A blogpost on compelling starters suggests getting kids to make paper planes with three facts from the last lesson on it.

Making paper planes is definitely an activity that is very popular with students. One of my own strong memories of school was my last ever geography lesson, which coincided with the last lesson that teacher would teach, as she was retiring. By the end of the lesson, we were in two teams hiding behind desk fortresses throwing planes at each other.
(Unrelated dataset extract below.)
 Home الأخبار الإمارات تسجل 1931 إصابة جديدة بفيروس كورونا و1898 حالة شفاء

And our retiring teaching was flinging them with the best of us.

I have used them to teach past tense in French – and have been really chuffed with answers to the question “what does paper planes have to do with the past tense?” “because we THREW them not THROW them.” The activity came from a “diverse ways of teaching new language” session on PGCE and leads the children through a target language sequence, with overblown gestures so they get what activities to do:

Je prends une feuille de papier >> J’ai pris une feuille de papier
Je signe mon nom >> J’ai signé mon nom
Je dessine une maison >> J’ai dessiné une maison
Je plie un avion >> J’ai plié un avion
Je lance mon avion >> J’ai lancé mon avion
Je ramasse un avion >> J’ai ramassé un avion

This was less than perfectly successful. My students do not have enough of a culture of target language, so activities out of the blue lead to vocal complaining. Also, unbelievably, not all students know how to make a paper plane. (“If you don’t know how, I’m not going to teach you. Make a paper ball instead.”) But the biggest problem using this as a starter is that it winds them up something chronic and it is then very hard to calm them down sufficiently that you can even talk to them, let alone task them with something constructive.

Despite the difficulties I repeated the activity with three different classes and by the end I had a killer top tip for using paper planes.
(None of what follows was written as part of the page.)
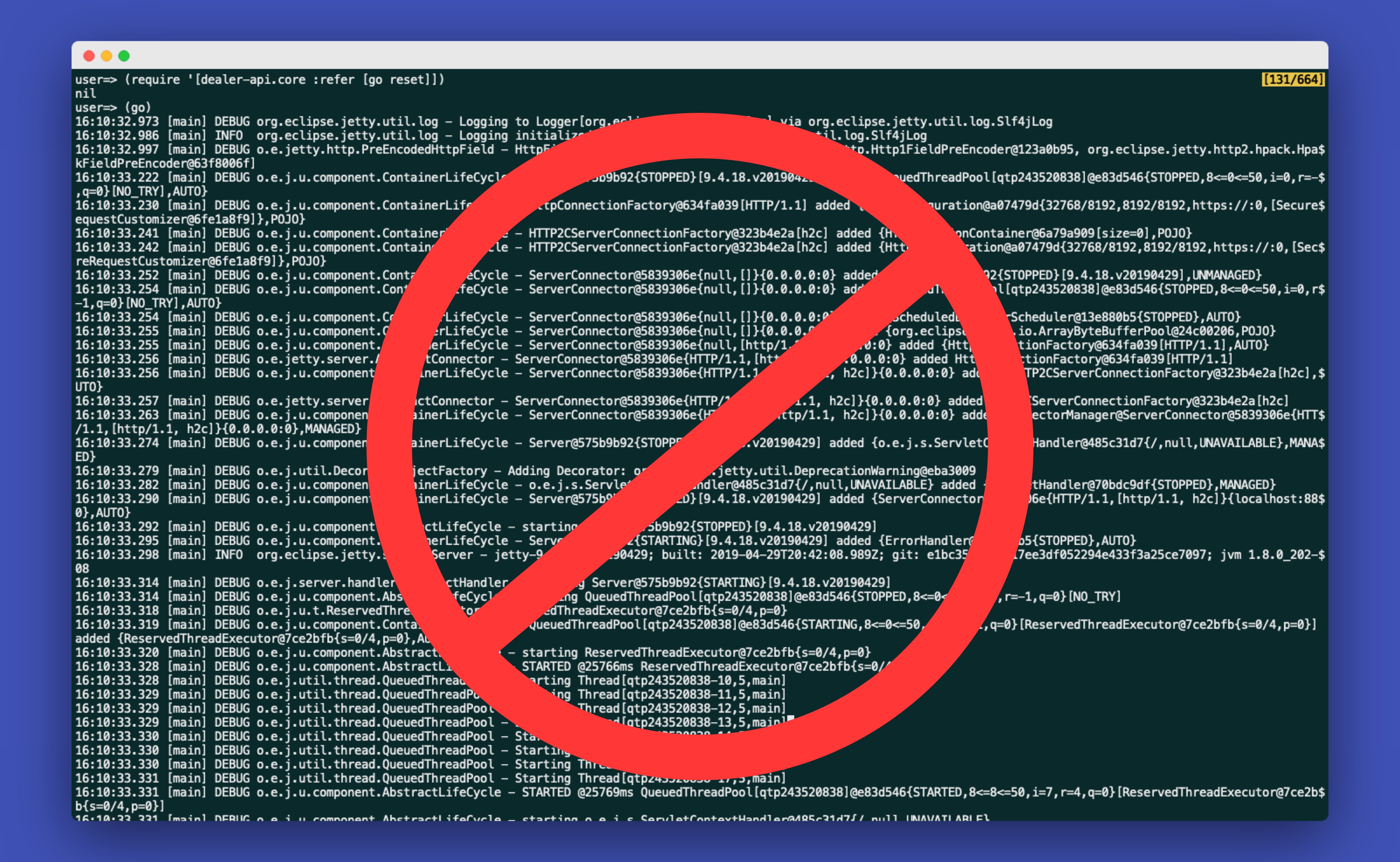 By default, the logging package makes a lot of noise. We can shut it down by using a logback config. I don’t understand much about how logback works and I usually end up copying the default. It’s configured with sensible defaults.

Since I had heard reports that the planes were leaving my classroom and then getting students into trouble elsewhere in school, the last instruction related to planes that I gave was “throw the planes at me.” (Met with incredulity. Seriously sir? Are you sure? And we’re not going to get in trouble?”)

The reason for doing this is this: one, they are itching to do it anyway, so you might as well give them an excuse. But two, it means all the planes end up at your end of the room and out of their hands, all the better for moving on to the next activity.